- [Records]
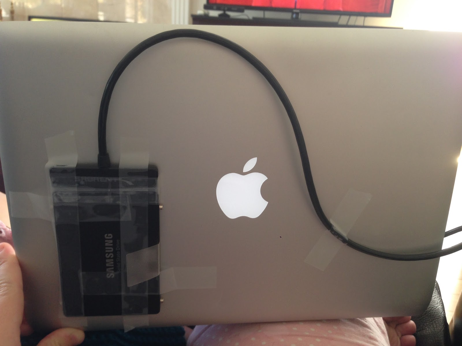 That’s my hard drive. Taped to the back of my computer. Yep. Bypass. It blinks and everything. Hopefully surgery will go well once we get the new part.
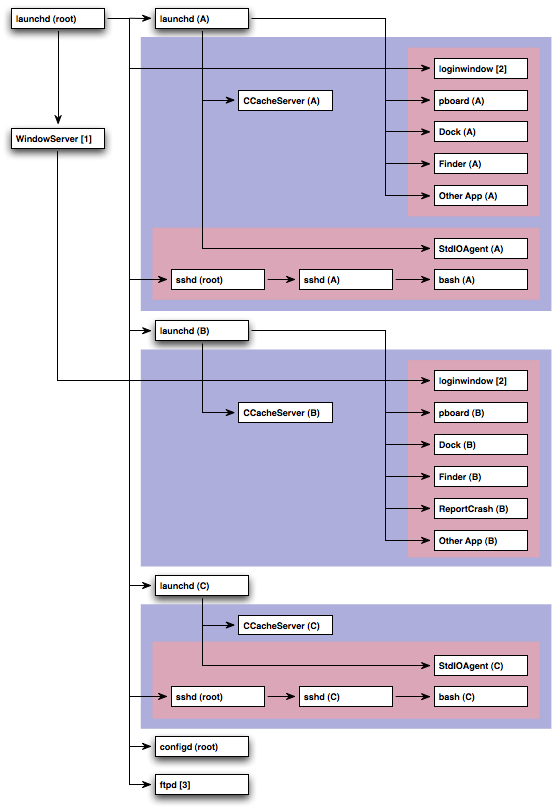 In this diagram there are three per-session bootstrap namespaces, two for GUI login sessions (users A and B) and one for an SSH login session (user A). These are represented by red boxes. Items that aren't in any red box are in the global bootstrap namespace.
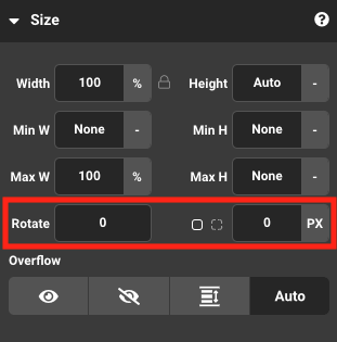 Rotate allows you to manipulate the degree of rotation on the selected container.
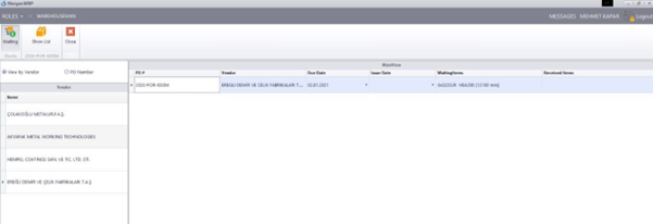 Sipariş verilmiş fakat daha teslim alınmamış malzemeler için aşağıdaki formdan faydalanır.
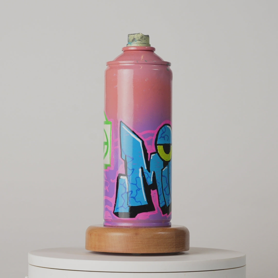 One of just 5 pieces in the Second Edition of the 1000 Cans Project. This spray can is hand-painted with "MiG" graffiti letters, featuring a glow in the dark robot character and mounted on a solid wood base.
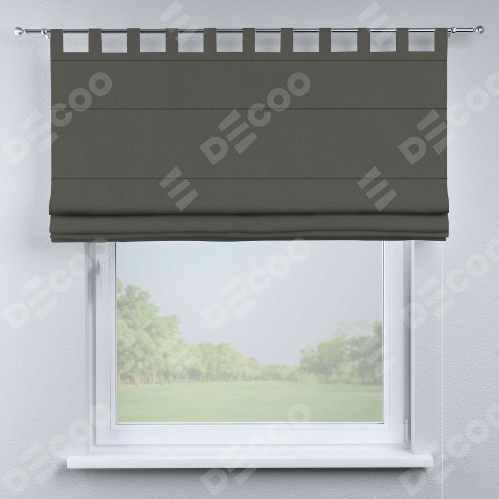 Римская штора производителя «Cortin», используется для проёма, пошита из ткани блэкаут однотонный тёмно-серый, артикул ткани 91570. Данная модель пошита на петлях, комплектуется на выбор круглым карнизом и подходит для монтажа на стену. Римская штора на петлях имеет простую систему регулировки высоты, отличительным преимуществом данной модели является простой способ монтажа. Достаточно повесить ее на трубу и штора готова!
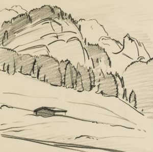 H. WAGNER (1885-1949), In der Urhütte, 1915, Realismus Architektur

- [The problem] Print the data above in full and exactly as it appears, skipping the pictures.

- [Written solution]
 That’s my hard drive. Taped to the back of my computer. Yep. Bypass. It blinks and everything. Hopefully surgery will go well once we get the new part.
 In this diagram there are three per-session bootstrap namespaces, two for GUI login sessions (users A and B) and one for an SSH login session (user A). These are represented by red boxes. Items that aren't in any red box are in the global bootstrap namespace.
 Rotate allows you to manipulate the degree of rotation on the selected container.
 Sipariş verilmiş fakat daha teslim alınmamış malzemeler için aşağıdaki formdan faydalanır.
 One of just 5 pieces in the Second Edition of the 1000 Cans Project. This spray can is hand-painted with "MiG" graffiti letters, featuring a glow in the dark robot character and mounted on a solid wood base.
 Римская штора производителя «Cortin», используется для проёма, пошита из ткани блэкаут однотонный тёмно-серый, артикул ткани 91570. Данная модель пошита на петлях, комплектуется на выбор круглым карнизом и подходит для монтажа на стену. Римская штора на петлях имеет простую систему регулировки высоты, отличительным преимуществом данной модели является простой способ монтажа. Достаточно повесить ее на трубу и штора готова!
 H. WAGNER (1885-1949), In der Urhütte, 1915, Realismus Architektur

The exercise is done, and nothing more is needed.